Beyond that, a 5.10 is pretty nuts. It takes a lot of skill development and strength; skills and strength that you only get through constantly being challenged. On easy climbs you have huge jugs to hold on to. It’s essentially like climbing a ladder; one hand after the other and one foot after the other. As you move up, the holds get smaller. Suddenly, you’ve got small pockets, pinches, and crimps. Your holds go from being 6 inches off the wall to being half an inch or smaller. And instead of a logical hand-over-hand progression, you’ve got places where you match a foot on a hold your hand is on and other places where you’re laying back with your shoulder into the wall. You have to not only learn these techniques, but you also have to learn when to use them and how to use them effectively.

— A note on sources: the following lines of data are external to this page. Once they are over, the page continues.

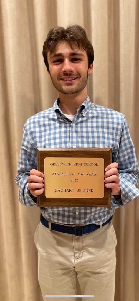 Zachary Jelinek knew he was receiving an award when he was invited to attend Greenwich High School’s Senior Awards night recently, but he wasn’t sure what it would be.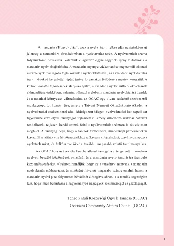mandarin nyelv elsajátítására. A mandarin anyanyelvűeket tanító tengerentúli oktatási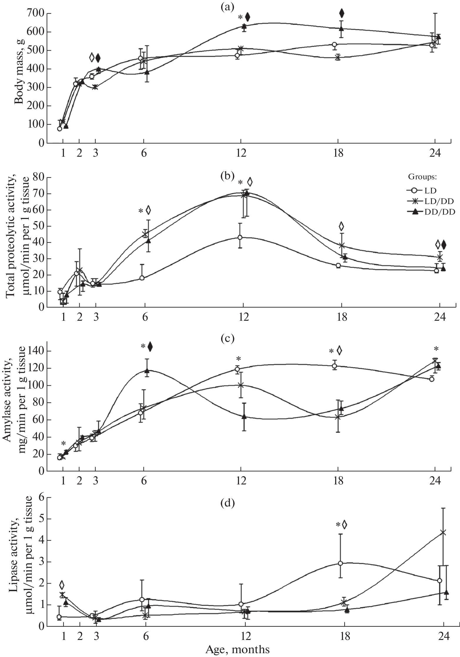 The effects of light deprivation on age-related changes in body weight, food and water intake, as well as the activity of digestive enzymes in pancreatic tissues of male rats was studied. Animals were divided into three groups: the first was in standard light conditions (12 h light/12 h dark, control, LD), the second was kept under conditions of long-term light deprivation from the moment of birth (LD/DD), and the third – from the prenatal period (DD/DD). Prolonged keeping of rats under conditions of light deprivation led to disruption of the age-associated dynamics of the studied parameters, at the same time, the detected changes in response to a specific light condition differed depending on the stage of ontogenesis at which its exposure began. Thus, body mass (age 3 and 18 months) and food and water intake (12 months), amylase and lipase activities (18 months) were lower, and protease activities after the end of the stable growth stage (12, 18 and 24 months) were higher in LD/DD-rats than in LD-rats. Significant changes in the studied parameters were observed under DD/DD conditions in 12‑month-old and 18-month-old rats – body mass was the largest, and food and water intake were the lowest compared to LD and LD/DD. In addition, the maximum amylase activity (1 and 6 months) among the studied groups and the higher values of total proteolytic activity during the period of stable growth (6 and 12 months) were found in DD/DD-rats compared to controls. Thus, our results indicate that light deprivation disrupts the ontogenetic development program of the digestive system of mammals.

And if you can’t constantly be looking ahead, you’re going to get stuck. I push pretty hard with climbing. Generally, I slow down when I feel like I’m risking injury and become reckless. If you’re not pushing towards that, then you’re not being challenged enough. You don’t want to push past that point, but you want to go right up to it and stare it in the face.

It’s a progression. We all start out playing individual notes or chords in whatever we do. It’s a slow process, note by note. Then you start to learn skills and technique. You practice endlessly until it hurts. Then you practice more and it hurts more, but it’s a good hurt because you understand it. Finally, you work on developing those skills and being innovative. That last step is a life-long work. It involves few of those days where your fingers are raw because you’ve already built up the calluses. But you can’t ever be comfortable with where you’re at. To be great, you don’t stop at 5.10, because there is 5.11.

It’s really great to see Kelly progress how she has. And it’s encouraging to know that my moderately aggressive teaching style gets results. But she’s far from done. We’re both taking December off, but come January, we’ll be picking back up, moving back up to the 5.10s and looking ahead.